Complications are related to the specific type of orthopaedic intervention chosen for each patient as well as to the patient’s related medical issues. Surgical intervention should be decided upon with caution given the risks of malignant hyperthermia as well as underlying respiratory muscle weakness. (Burnette 2016) These patients are also prone to gastroesophageal reflux and gastric dysmotility, which can complicate the perioperative period. (Dastgir 2018)

References:

  1. Dastgir J, Gonorazky HD, Strober JB, Chrestian N, Dowling JJ: Congenital Myopathies, in Swaiman KF, Ashwal S, Ferriero DM, et al. (eds): Swaiman's pediatric neurology : principles and practice, ed Sixth edition. Edinburgh ; New York: Elsevier,, 2018, pp xxvi, 1403 pages. 

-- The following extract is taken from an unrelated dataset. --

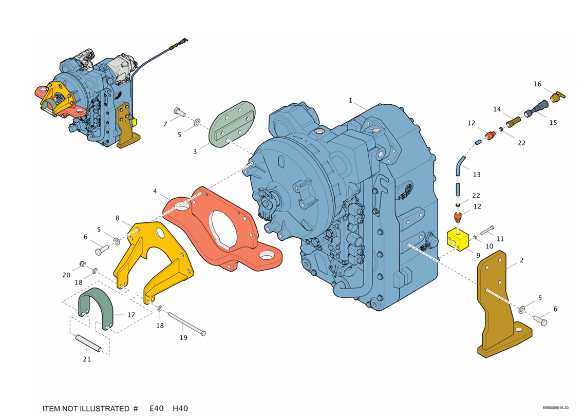 項目零件號名稱數(shù)量備注再制造件號L COMPLETE _ASSEMBLY-TRANSMISSION 1 ASSEMBLY DF150 E40-EL.TRANSMISSION 1 E40 - TRANSMISSION H40-HY.TRANSMISSION 1 HYDRAULIC TRANSMISSION 1 5580005914 TRANSMISSION 1 FUNKDF150 6060070314 2 5580008055 ATTACHMENT 1 BLACK 3 5580008058 ATTACHMENT 1 ELECTROPLATED FE/ZN 4 5580008061 ATTACHMENT 1 BLACK 5 5540112700 WASHER 14 WASHER-FLAT M16 HT PLTD 6 5540127900 SCREW, HEX HEAD 10 M 16 X 50 FULL - 10.9 FZY 7 5530879900 SCREW, HEX HEAD 4 M16X40 - 10.9 FLZNNC-480H 8 5580011375 SUPPORT 1 DRIVELINE PROTECTION 9 5580008065 BLOCK 1 PORT BLOCK 10 0301233500 PLAIN WASHER 2 8,4 / 16 X 1,6 -HB200 FZB 11 0147133303 SCREW, HEX HEAD 2 M 8 X 65 - 8.8 FZB 12 5541767500 FITTING 2 FITTING-COMPRESSION-PIPE 13 5580008066 DIPSTICK TUBE 1 OIL FILLING TUBE 14 5500510800 PIPE CONNECTION 1 CONNECTOR (PIPE/JIC)BULKH 15 5574842100 DIPSTICK TUBE 1 DIPSTICK TUBE WLDMT 16 5580008064 DIP STICK 1 DIPSTICK - TRANSMISSION 17 5580011382 PLATE 1 BLACK 18 0301235800 FLAT WASHER 4 13 / 24 X 2,5 - HB 200 FZB 19 0147142503 SCREW, HEX HEAD 2 M 12 X 200 - 8.8 FZV 20 0291112822 LOCK NUT 2 M 12 - 8 FZB / ISO 7040 21 5580012659 PIPE 2 BLACK 22 5541767400 SLEEVE 2 DELRIN SLEEVE-1/2

  2. Lewis D: Weakness and Hypotonia, in Marcdante KJ, Nelson WE (eds): Nelson essentials of pediatrics, ed 6th. Philadelphia, PA: Saunders/Elsevier,, 2011, pp XIX, 831 p. 
  3. Burnette WB: Hypotonic (Floppy) Infant, in Daroff RB, Hitchen M, Chovan J (eds): Bradley’s neurology in clinical practice, ed Seventh edition. London, England: Elsevier, 2016, pp 1 online resource (2,847 pages. 
  4. Amato AA: Disorders of Skeletal Muscle, in Daroff RB, Hitchen M, Chovan J (eds): Bradley's neurology in clinical practice, ed Seventh edition. London, England: Elsevier,, 2016, pp 1 online resource (2,847 pages. 
  5. Robinson R, Carpenter D, Shaw MA, Halsall J, Hopkins P: Mutations in RYR1 in malignant hyperthermia and central core disease. Hum Mutat 2006;27:977-989. 
  6. Jarraya M, Quijano-Roy S, Monnier N, et al.: Whole-Body muscle MRI in a series of patients with congenital myopathy related to TPM2 gene mutations. Neuromuscul Disord 2012;22 Suppl 2:S137-147. 
  7. Quijano-Roy S, Carlier RY, Fischer D: Muscle imaging in congenital myopathies. Semin Pediatr Neurol 2011;18:221-229. 
  8. Magee KR, Shy GM: A new congenital non-progressive myopathy. Brain 1956;79:610-621. 
  9. Robb SA, Sewry CA, Dowling JJ, et al.: Impaired neuromuscular transmission and response to acetylcholinesterase inhibitors in centronuclear myopathies. Neuromuscul Disord 2011;21:379-386.